DIRECTIONS: Only the lines from the one containing "Johan en ik" to the end of the data should be copied, exactly and without pictures.

DATASET EXTRACT:
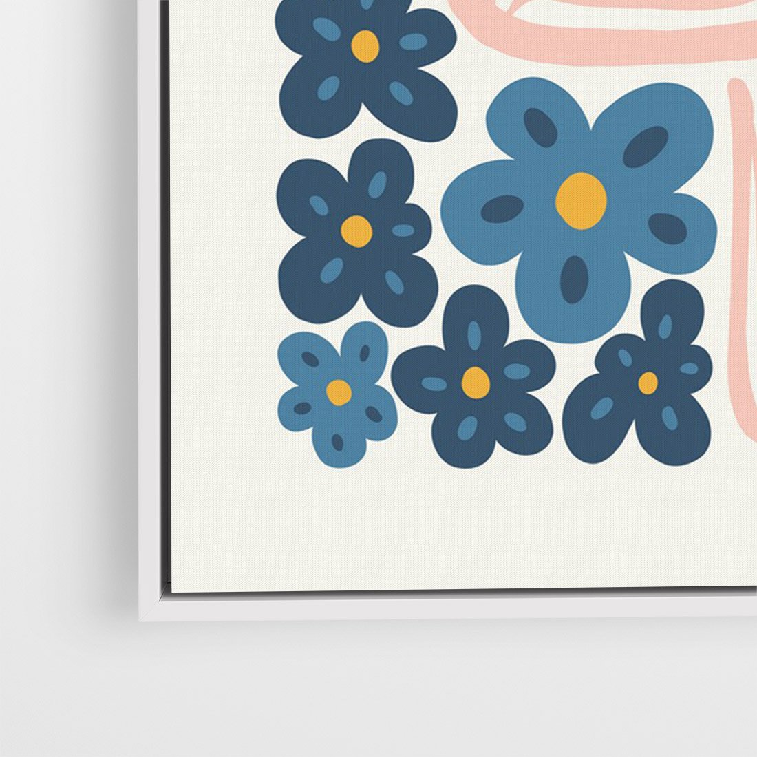 Ta nowoczesna abstrakcja łączy niebieskie kwiaty niezapominajki z delikatnymi pastelowymi odcieniami. Kompozycja zachęca do kontemplacji, wprowadzając spokój i harmonię do wnętrza.
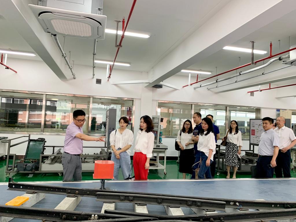 在边院长的带领下,参观领导一行走进实训基地的每一间实训室,深入了解了实训室的软硬件配置、教学功能、教学模式及面向的岗位等相关情况。郝蕾部长仔细询问了分院城市轨道交通机电技术专业推进产教融合的主要措施、校企订单班的人才培养模式和就业情况等,并对分院在实验实训环节理实一体化的教学方法和校企合作协同育人的成功经验进行了深入调研。
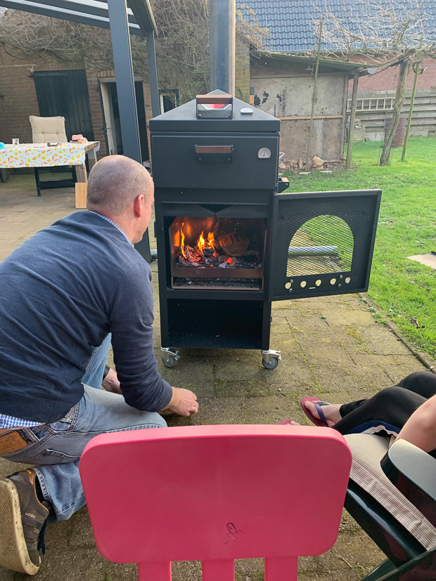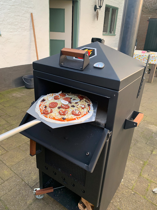 Johan en ik hadden hem het liefst meteen aangestoken om pizza te eten, maar dat moet nog even wachten. Voordat je hem gaat gebruiken moet je hem eerst een keer goed op temperatuur stoken zodat de coating kan inbranden. Dan gaan we vrijdag doen en zaterdag staat dan eindelijk onze allereerste houtgestookte pizza op het menu! Ik ben zo benieuwd!
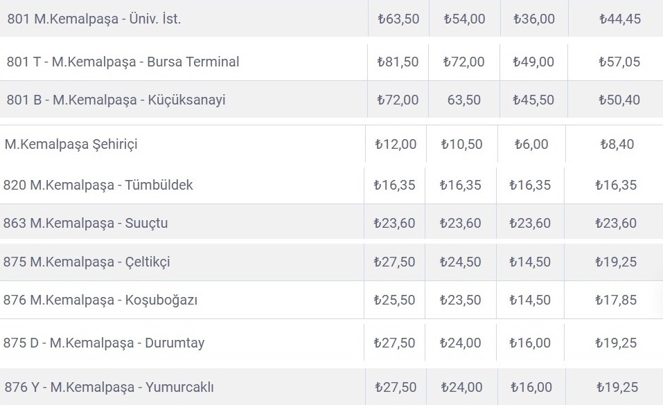 Mustafakemalpaşa’dan Bursa Terminal’e ulaşım ise 6 TL’lik zamla tam yolcuda 81.50 TL’ye çıkarken, bu güzergâhta indirimli fiyat 72.00 TL, 45.50 TL’lik öğrenci tarifesi 49.00 TL ve mezuna kalan öğrenci de 57.05 TL oldu.

REPLY TO THE TASK:
 Johan en ik hadden hem het liefst meteen aangestoken om pizza te eten, maar dat moet nog even wachten. Voordat je hem gaat gebruiken moet je hem eerst een keer goed op temperatuur stoken zodat de coating kan inbranden. Dan gaan we vrijdag doen en zaterdag staat dan eindelijk onze allereerste houtgestookte pizza op het menu! Ik ben zo benieuwd!
 Mustafakemalpaşa’dan Bursa Terminal’e ulaşım ise 6 TL’lik zamla tam yolcuda 81.50 TL’ye çıkarken, bu güzergâhta indirimli fiyat 72.00 TL, 45.50 TL’lik öğrenci tarifesi 49.00 TL ve mezuna kalan öğrenci de 57.05 TL oldu.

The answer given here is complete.